Xenograft animal model and cancer cell imaging

Male Balb/c nude mice were obtained from the National Laboratory Animal Center of Taiwan (Taipei City, Taiwan) and maintained under the supervision of the Institutional Animal Care and Use Committee (IACUC) of Chung Shan Medical University. All the protocols for animal experiments have been approved by the IACUC (No. 1947), and all the experiments were performed in accordance with the approved guidelines. After a 1-week acclimation period, the mice were randomly divided into the following three groups (n = 6 per group): Normal (no cancer cell implantation), Sham (implantation of cancer cells treated with 0.1% DMSO/PBS for 24 h), and Delphinidin (implantation of cancer cells treated with 100 μM delphinidin for 24 h).

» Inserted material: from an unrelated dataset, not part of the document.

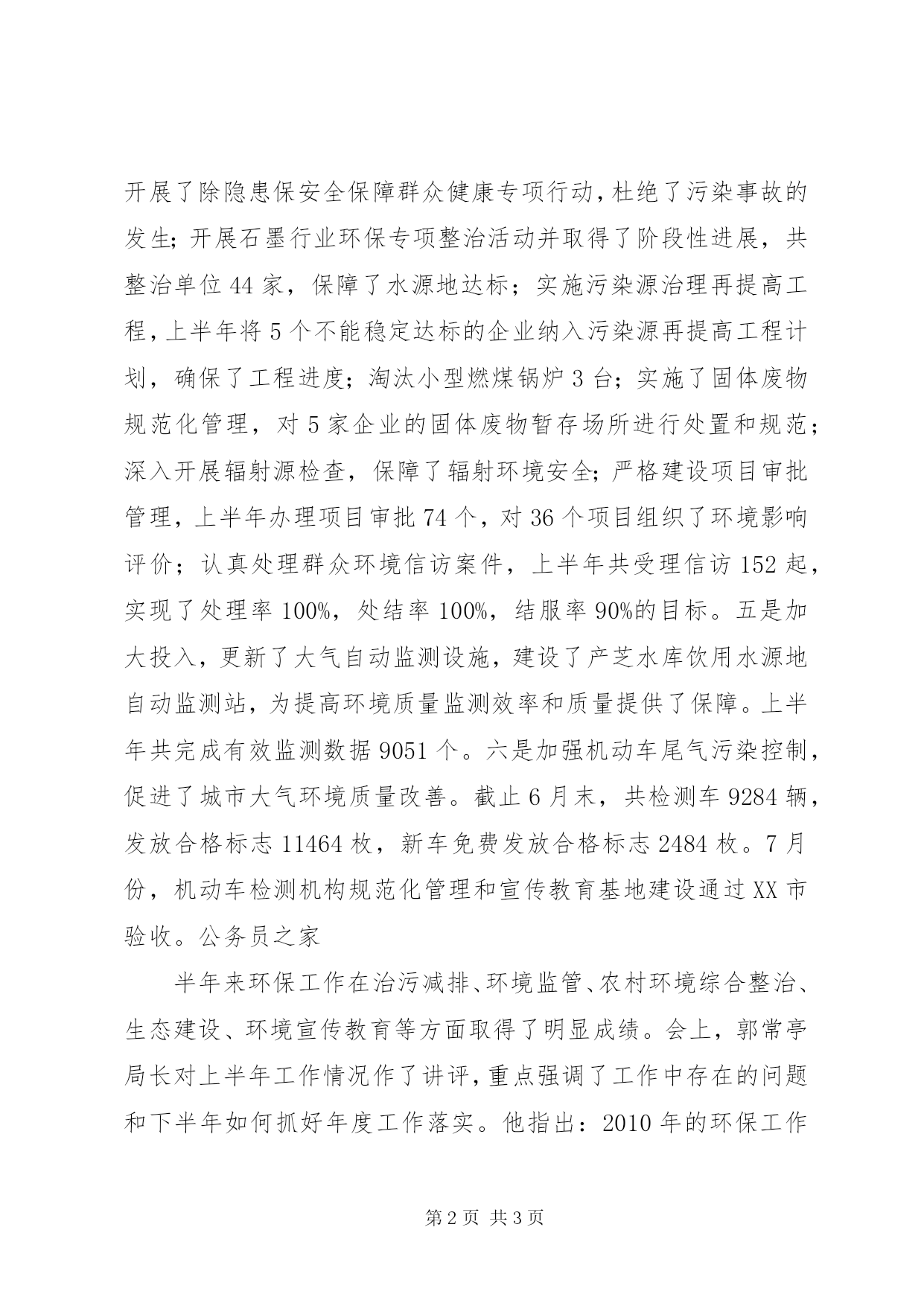 第PAGE\*Arabic\*MERGEFORMAT3页共NUMPAGES\*MERGEFORMAT3页市环保局半年工作汇总7月22日,XX县区环保局召开全局会议,对上半年工作进行了总结,安排部署了下半年工作。会议由郭常亭局长主持,各室、站、队汇报了半年来的工作状态和工作业绩,两名先进个人代表做了表态发言。半年来,该局紧紧围绕生态城市建设,实现率先发展、科学发展、和谐发展这一目标,强化职能,依法行政,环保工作取得了新的进展。一是加大流域治理力度,确保了河流断面水质达标。二是多措并举,稳步推进排污总量削减。(一)抓源头,严格控制污染物排放增量。上半年拒批不符合环保要求的项目6个;(二)抓减排工程建设,削减污染物存量。(三)加强环境监管执法,确保了污染减排效果。目前为止,排污总量削减目标、措施落实到位,减排工程进展顺利。三是加强农村环境保护,环境创建工作取得新进展。先后完成李权庄、南墅两个镇2010年度中央农村环保专项资金的申报工作;落实了秸秆禁烧工作措施和强制性清洁生产计划方案;持续开展环境环境优美镇创建工作,上半年三个镇通过了省级环境优美镇验收;继续深化环境友好创建工作,经济开发区、李权庄泰光小学、水集中心小学分别获得省绿色社区和绿色学校命名。四是管治并举,污染控制工作取得新成效。加强污染源监督监察,开展了除隐患保安全保障群众健康专项行动,杜绝了污染事故的发生;开展石墨行业环保专项整治活动并取得了阶段性进展,共整治单位44家,保障了水源地达标;实施污染源治理再提高工程,上半年将5个不能稳定达标的企业纳入污染源再提高工程计划,确保了工程进度;淘汰小型燃煤锅炉3台;实施了固体废物规范化管理,对5家企业的固体废物暂存场所进行处置和规范;深入开展辐射源检查,保障了辐射环境安全;严格建设项目审批管理,上半年办理项目审批74个,对36个项目组织了环境影响评价;认真处理群众环境信访案件,上半年共受理信访152起,实现了处理率100%,处结率100%,结服率90%的目标。五是加大投入,更新了大气自动监测设施,建设了产芝水库饮用水源地自动监测站,为提高环境质量监测效率和质量提供了保障。上半年共完成有效监测数据9051个。六是加强机动车尾气污染控制,促进了城市大气环境质量改善。截止6月末,共检测车9284辆,发放合格标志11464枚,新车免费发放合格标志2484枚。7月份,机动车检测机构规范化管理和宣传教育基地建设通过XX市验收。公务员之家半年来环保工作在治污减排、环境监管、农村环境综合整治、生态建设、环境宣传教育等方面取得了明显成绩。会上,郭常亭局长对上半年工作情况作了讲评,重点强调了工作中存在的问题和下半年如何抓好年度工作落实。他指出:2010年的环保工作在深度和广度上都有了新的成就。在取得成绩的同时,要认识到不足。要继续抓好队伍建设和业务素质提升,抓好重点工作的追踪服务和责任落实。各科室要从全局的角度按照职责分工安排部署好本职工作,力争实现新的突破。

Cancer cell implantation was performed by intraperitoneal injection of luciferase-transfected DLD-1 cells (2 × 10⁶ cells in 50 μL of PBS), and the animals were maintained for two weeks. After the maintenance period, the mice were anesthetized and intraperitoneally injected with luciferin (at 150 mg/kg in 100 μL). Images were captured at 20 min after injection using an IVIS-200 Imaging System (Xenogen, Alameda, CA, USA) and processed using Living Image software (Xenogen) by region-of-interest analysis of the total photons per second for each tumor, with background subtraction. After the image analysis was completed, the mice were sacrificed to examine the organs.